* P&G to cut 2-4 pct of non-manufacturing jobs in 2014-16
* Share repurchases could reach $6 bln, up from $4 bln
* No changes to sales, earnings forecasts for quarter, year
* Shares slide 44 cents
By Jessica Wohl
CINCINNATI, Nov 15 (Reuters) - Procter & Gamble plans to trim more non-manufacturing jobs through 2016, on top of cutting 10 percent of that workforce by the end of June, as the world’s largest household-products maker tries to reinvigorate what has become a sluggish organization.
P&G also said it may increase stock repurchases to $6 billion from $4 billion, but said such additional buybacks should not have a big impact on earnings per share. The company
maintained the forecasts for sales and earnings for the current quarter and the fiscal year it had given in late October.
P&G remains on track to eliminate about 5,700 non-manufacturing jobs by the end of this fiscal year, which will end in June. It now plans to reduce another 2 percent to 4 percent of its non-manufacturing jobs each year during fiscal 2014, 2015 and 2016.
“These are all continued steps in the right direction, but we wish they had taken bolder ones like even more aggressive cost-cutting,” said Sanford Bernstein analyst Ali Dibadj, who attended P&G’s bi-annual analyst meeting at the company’s Cincinnati headquarters on Thursday.
Shares of P&G, a component of the Dow Jones industrial average, were down 0.2 percent at $66.38 in afternoon trading on the New York Stock Exchange.
The maker of Tide detergent and Pampers diapers has been working for months to improve its structure and cut costs. It has admitted that recent innovations were not as strong as successes from years past such as Swiffer and Crest Whitestrips.
“The reality is that the pace of our disruptive innovation has slowed over the past decade,” said Jorge Mesquita, P&G’s group president of new business creation and innovation and global pet care.

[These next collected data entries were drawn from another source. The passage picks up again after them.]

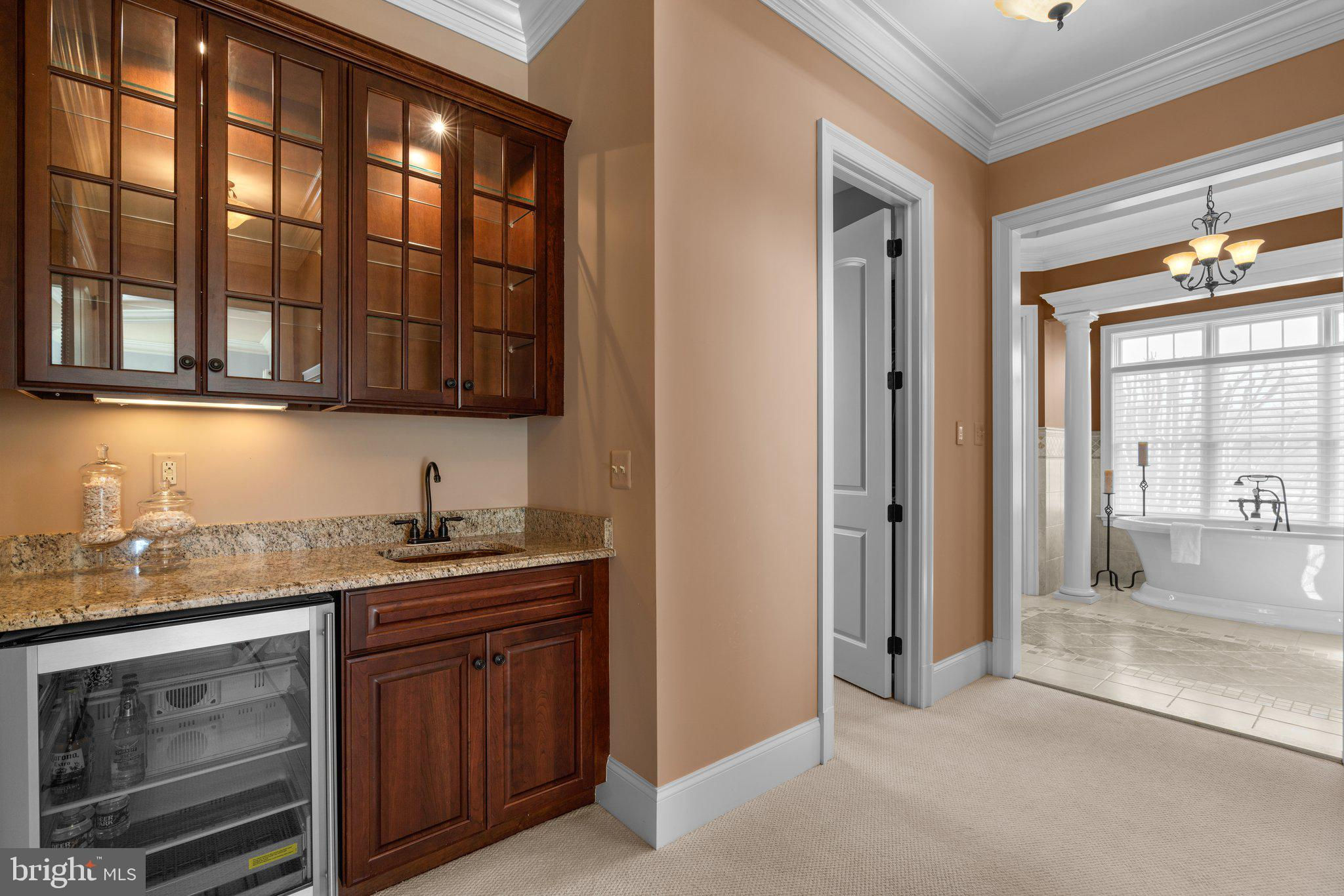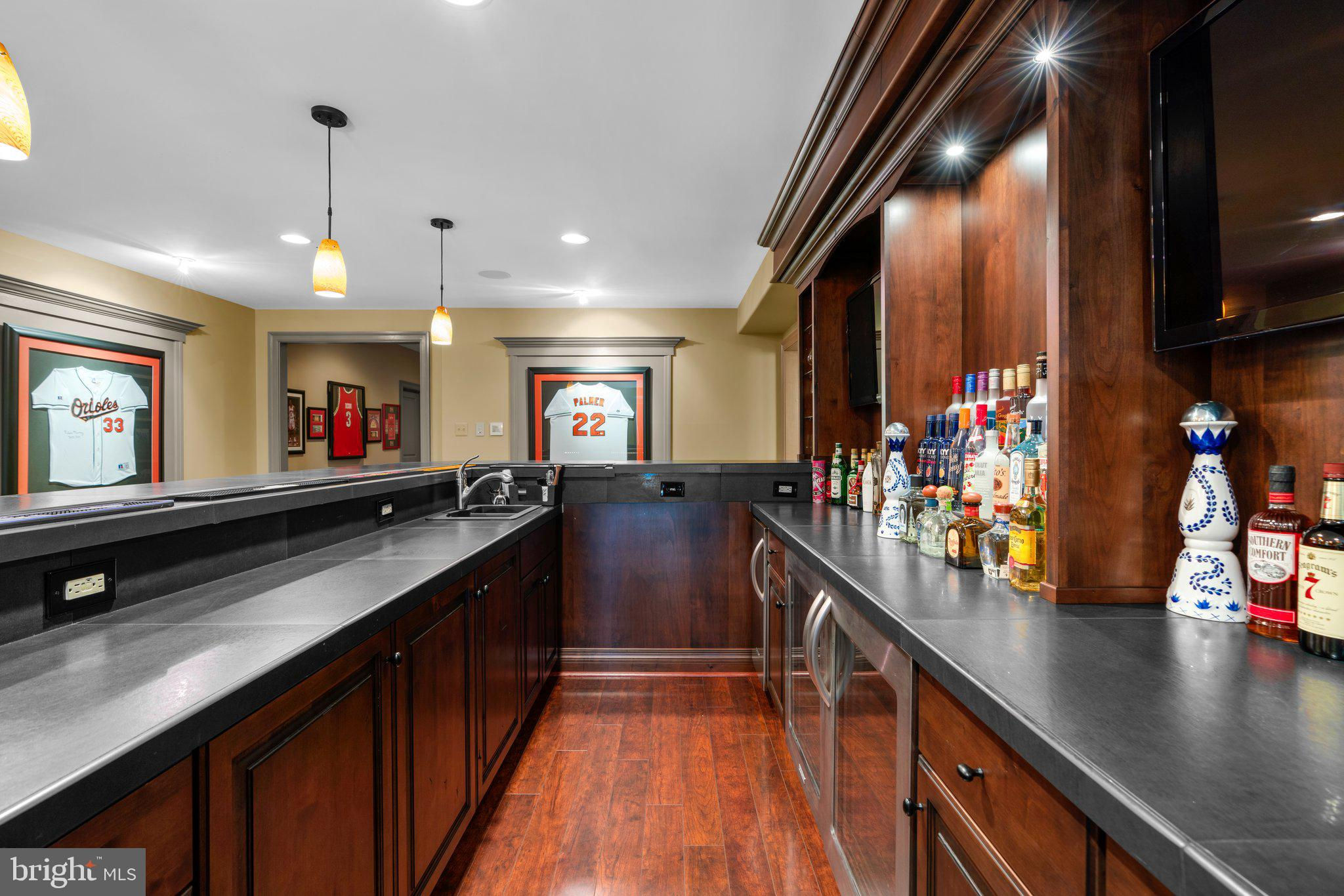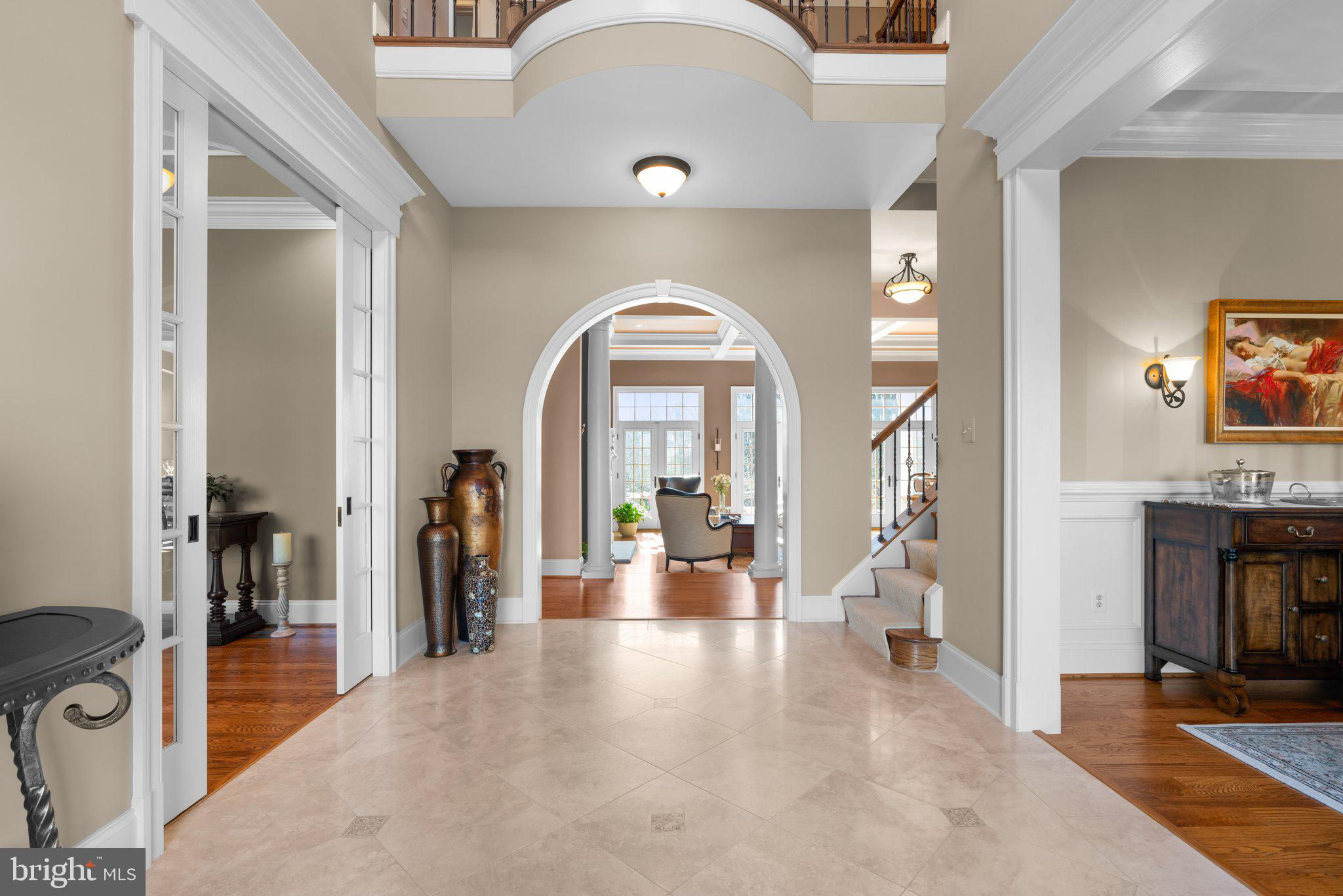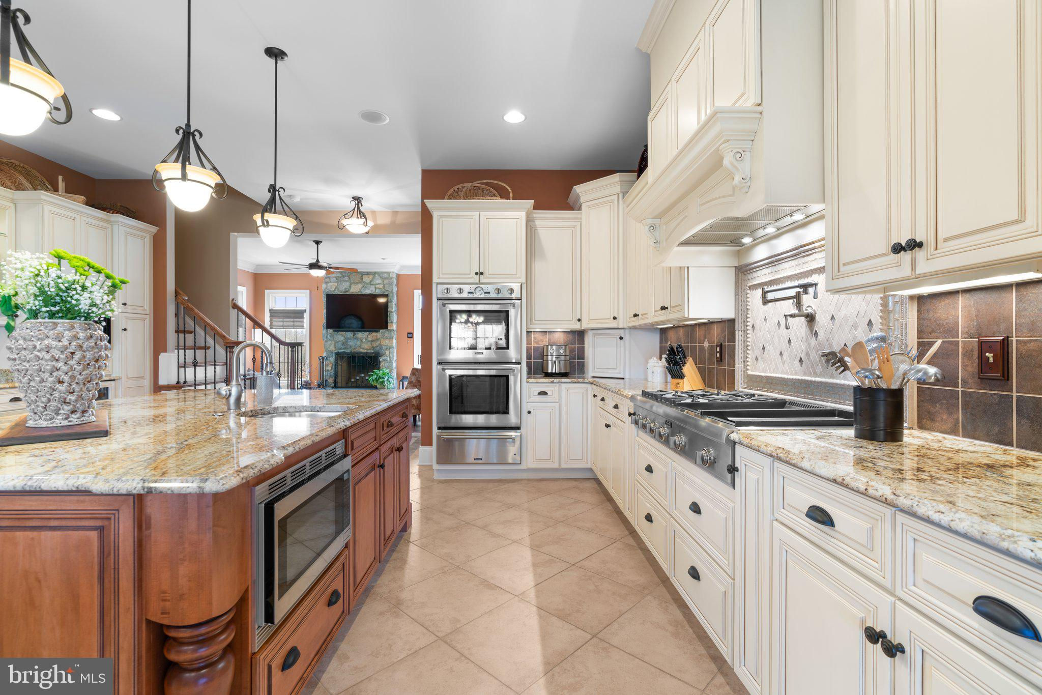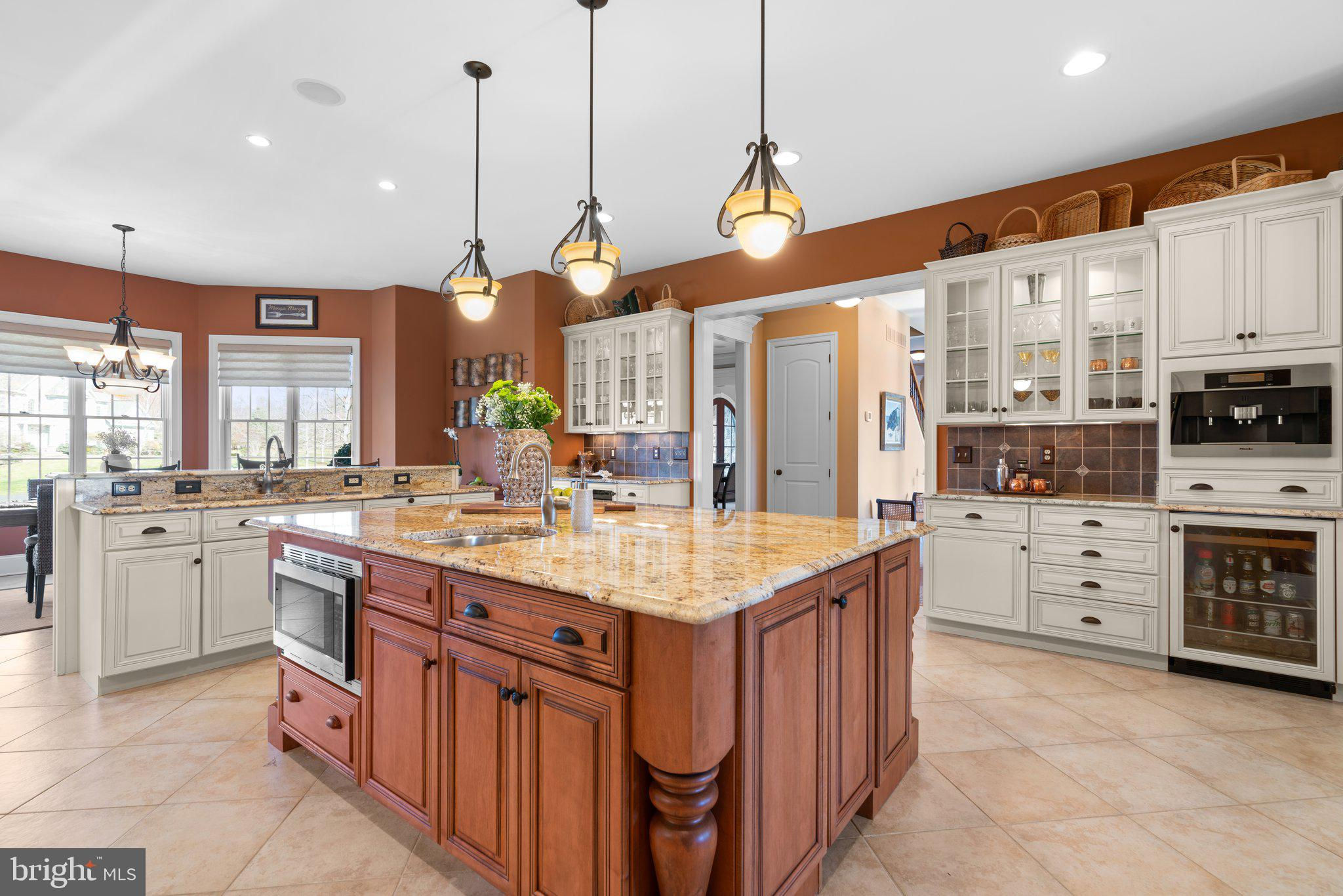 Your patience and persistence are about to pay off. Welcome to 14413 Meadow Mill Way; a truly one-of-a-kind, custom built home sited on a stunning 1.14 acre lot that backs to open space, offering complete privacy. This French colonial was constructed by one of Howard County’s most well respected and renowned custom home builders, Selfridge Builders. Located within one of the strongest school districts in the country, this unique custom home exudes quality throughout every single feature; a true luxury offering. Pull into one of your three garage bays and offer your guests the convenience of the circular driveway in front of your main entrance. Enter through the expansive mudroom room, drop your belongings, and head over to greet your guests in the light-filled, two-story foyer. The wide-plank wood floor, detailed millwork in the moldings, fine finishes, and curved archways immediately create an impression on all those who enter. Each detail was well thought out during the design phase; as you lead your guests into the sunken living room they will be impressed with the coffered ceiling, gas fireplace, and southwestern exposure visible through the three sets of matching French doors that open to the rear patio. The kitchen in this home is exquisite. It stands out as one of the most beautiful, high-end kitchens you will find in a luxury home. Gorgeous, highly-graded granite countertops, custom cabinetry with under-cabinet lights and glass doors, high-end appliances, and two islands with two sinks are just the start. A built-in Miele coffee machine, Sub-Zero fridge, two additional beverage fridges, double wall-oven, and commercial-grade propane range with pot filler will impress even those with the highest expectations. The floor plan was masterfully designed; on the other side of the main level you will find the primary suite wing. Set back from the main hallway with its own entrance, the primary suite offers a gorgeous bedroom with French doors leading to the private rear deck. Around the corner from the entrance to the suite you will find a wet bar with a beverage fridge and more custom cabinetry. Two walk-in closets and an additional accessory closet are fully built out with shelves, drawers, and other convenient storage spaces. The primary bathroom looks like it belongs in a spa and offers custom tile work in a spacious glass-doored shower, two separate vanities each with extra cabinet space, and a stand alone soaking tub. The main level is rounded out with a world-class private office and separate dining area, with wine storage, ready for large formal gatherings. Use one of two staircases to ascend to the upper level of the home. Complete with three bedrooms, three full bathrooms, and a second level living room. The living room stands out as the focal point of the upper level and provides an exceptional space for the homework area, play room, media center, or second home office. Before heading outside to the exceptional rear yard space, check out one of the most entertaining basements in Howard County; featuring a high-end theater room with stadium seating, a full bar larger than many restaurants offer, a gym with rubber floor and glass wall, billiards area, game room, and two additional bedrooms/bonus rooms. Whether you like to host gatherings or you prefer your peace and privacy, this basement set up will stand out as an elite offering and a bold expression of the love and thought the owners placed into this home. The rear yard backs to open space that will never be touched. The expansive stone patio offers space for an outdoor kitchen, lounge area, and gorgeous waterfall. The flat, cleared rear yard is ready for your pool, pickleball court, or golf training area. This property will be expertly transitioned to the new owners with a full orientation of systems, processes, and thorough list of service providers. Please reach out for a list of ages, features, finishes, and additional details on this one of a kind home.
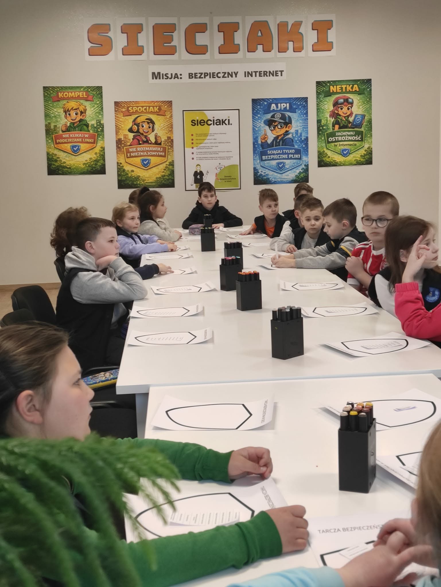 📌W ramach podsumowania zajęć uczniowie wykonali plakaty „Własnej Tarczy Bezpieczeństwa w Sieci”.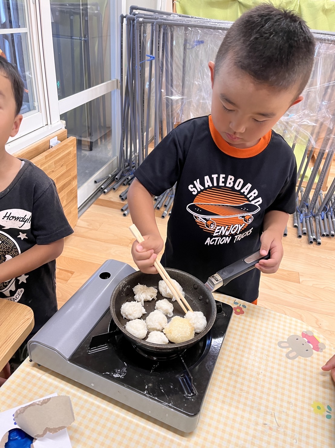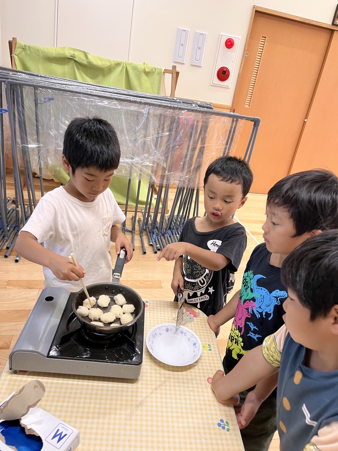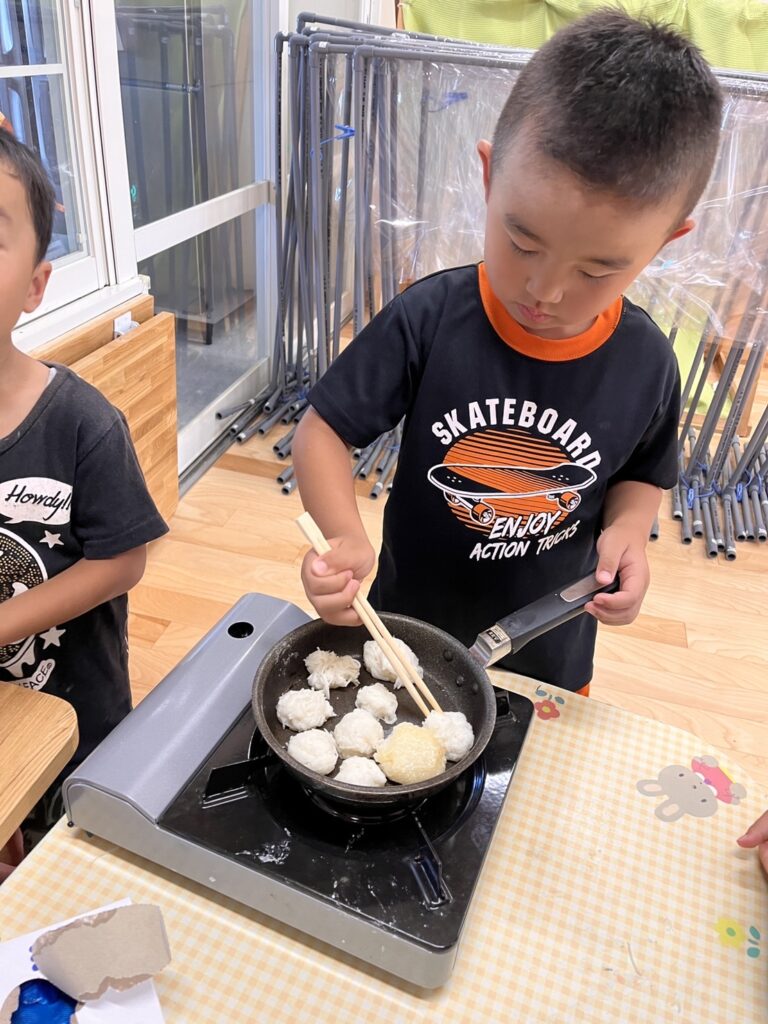 出来たお団子は、子ども達からの提案で焼いて食べることに。味見をすると『味がしない、、』考えた子ども達は『おしょうゆくださーい』と味付けまで自分たちの力で進めていました。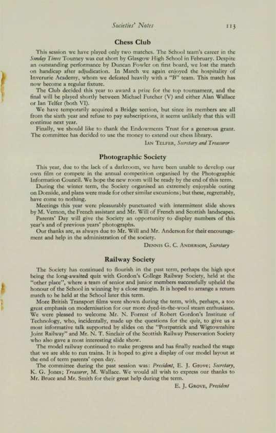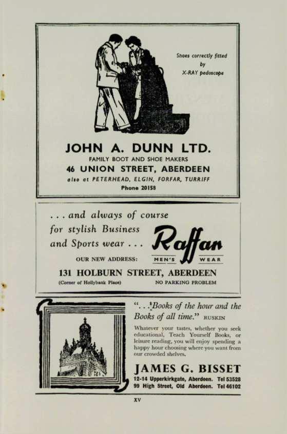 The past season, although not the most successful of recent years, proved co be very rewarding for the Club. The 1st XI were runners-up in their league to Academy F.P.s who are the most improved side in the Nonh District; the znd XI finished runners-up to Ruthrieston Ramblers in their league; and the 3rd XI again were runners-up co Ruchrieston "B" after their usual deciding last game of the season.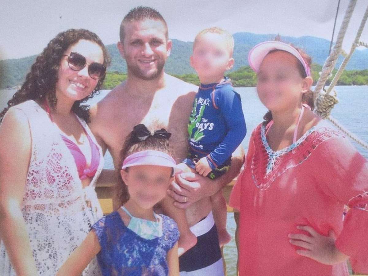 O PM Fabiano Junior Garcia, com a mulher Kassiele, a enteada e os dois filhos.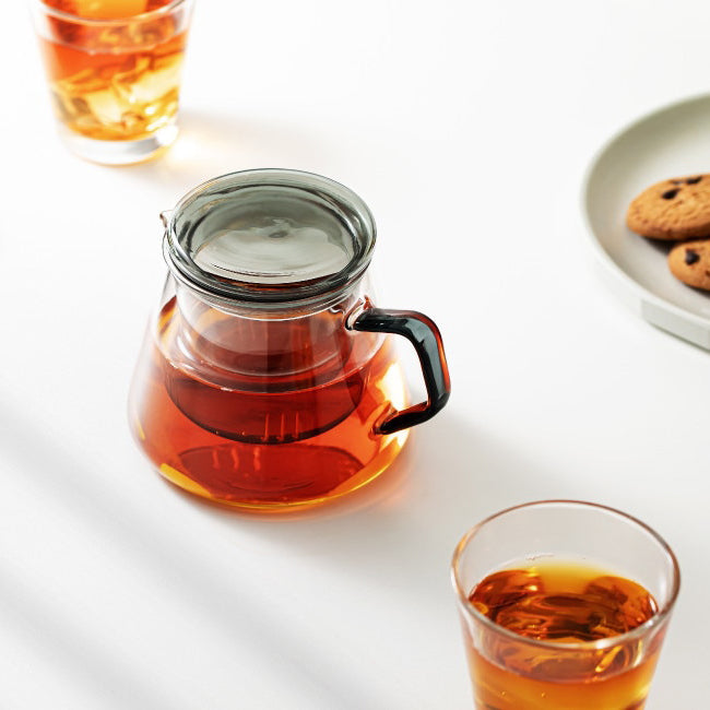 Breaking away from the traditional sweet image of teaware, this teapot features a sleek gray design that adds a cool, stylish touch to your tea time at home. The built-in infuser is also made of glass, eliminating the hassle of cleaning metal mesh and making rinsing quick and easy. Dishwasher- and microwave-safe, it allows for effortless reheating and cleaning. Whether for a daily cup or an afternoon tea gathering with friends, it’s a practical yet elegant choice for any tea lover.

P&G did not outline exactly where it plans to cut jobs but it would like to trim more positions in developed markets than in developing ones, where it has “significant growth opportunity,” Chief Financial Officer Jon Moeller told reporters after the meeting.
“We realize that we can’t get the next round of productivity just from squeezing harder, we need to really look at our organization’s design,” he said, adding that P&G will maintain a strong presence in Cincinnati.
Competitors such as Kimberly-Clark Corp and Colgate-Palmolive Co are also trimming their ranks as the industry contends with weak economic conditions in major markets such as the United States and Western Europe.
Some industry watchers have suggested that P&G consider splitting up, separating its beauty businesses from mainstays such as diapers, paper goods and detergent. However, P&G contends that its scale, including more than two dozen brands that each generate more than $1 billion in annual sales, is an advantage.
During the meeting, P&G highlighted some success it has had in emerging markets, such as seeing the Indian diaper category increase fivefold since it started selling Pampers there five years ago. At the same time it is promoting lower-priced items, including Gain and Era detergents, to attract cost-conscious U.S. shoppers it has lost to rivals such as Church & Dwight Co Inc, known for its ARM & HAMMER products.
P&G has been under pressure to show improvement following the investment of activist investor William Ackman, who may want to see P&G Chairman and Chief Executive Bob McDonald pushed out of his job. Even before Ackman’s involvement, P&G was proceeding with that $10 billion restructuring and other changes.
McDonald spoke only at the beginning and end of P&G’s meeting on Thursday, allowing Moeller and 11 others to address the crowd, showcasing the company’s strategy and its deep bench of long-time executives.
When P&G unveiled a plan to cut $10 billion in costs over five years back in February, it said $6 billion in savings would come from its cost of goods. Now, as it tweaks product formulations, works with local suppliers and takes other steps to trim costs, it should see more than $6 billion in such savings, said Global Product Supply Officer Yannis Skoufalos.
The company said it expects to deliver annual improvement of 5 percent in its manufacturing operations, measured by the number of cases of products produced per person, per year.
Back on Oct. 25, a better-than-expected quarterly report drove P&G shares to their highest level in four years.
P&G stood by the forecasts that it gave at that time, calling for core earnings per share of $1.07 to $1.13 in the current second quarter and $3.80 to $4 this fiscal year. It still expects organic sales, which strip out the impact of acquisitions, divestitures and foreign exchange, to rise 1 to 3 percent this quarter and 2 to 4 percent this year.
On Wednesday, Ackman’s Pershing Square Capital Management disclosed that it raised its combined stake in P&G by 27.4 percent to 27.9 million shares as of Sept. 30, while Warren Buffett’s Berkshire Hathaway reduced its holdings 11.4 percent to 52.79 million shares.